This devised piece, created under the adventurous guidance of Cumbernauld Theatre artistic director Ed Robson, continues the myth-making via an impressionistic portrait of the artist as a young man that revels in its own avant-garde spirit.

Here we see Lorca as a sensitive and diminutive figure dwarfed by the flamboyant machismo of his peers Salvador Dali and Luis Bunuel. No wonder he falls for the moustache-obsessed Dali, who enters dressed in white from a wardrobe while a black-clad Bunuel rises up from behind a piano.
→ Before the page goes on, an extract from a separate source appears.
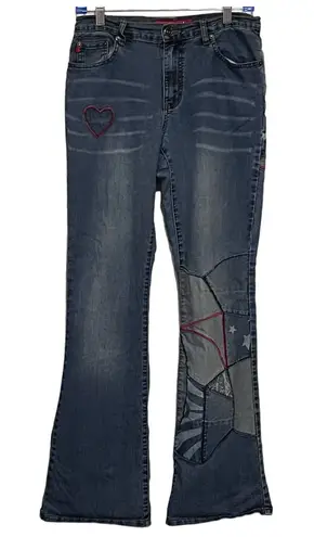 Zana-di Women's Jeans Red Blue Yellow Thread‎ Stars/Heart Flare Leg Size 5 - $34 - From Bonnie

With a woman playing Lorca in the shape of Imogen Toner, this is no ordinary biographical homage. Rather, Robson and co have created a complex and opaque collage set in a scarlet-draped limbo where Dali and Bunuel bully Lorca as they foresee their own immortality. The play may deal with the heat-fuelled passions of Spain’s finest minds as the trio race around a blood-red floor framed by a rose-strewn dirt track, but in style is more Polish in spirit, and more akin to something on the Edinburgh Festival Fringe.

For all Lorca’s earnestness, portrayed by Toner with puppy-like devotion to the others, Robson isn’t afraid to tap into surrealism’s sense of its own ridiculousness. Johnny Austin and James McAnernery play Dali and Bunuel with a heightened largesse that provokes belly laughs only undercut by Lorca’s death. Framed by dressing room lights and surrounded by photographs of Lorca, Toner looks part diva, part Valentino. It’s a fitting image for the ultimate poetic pin-up.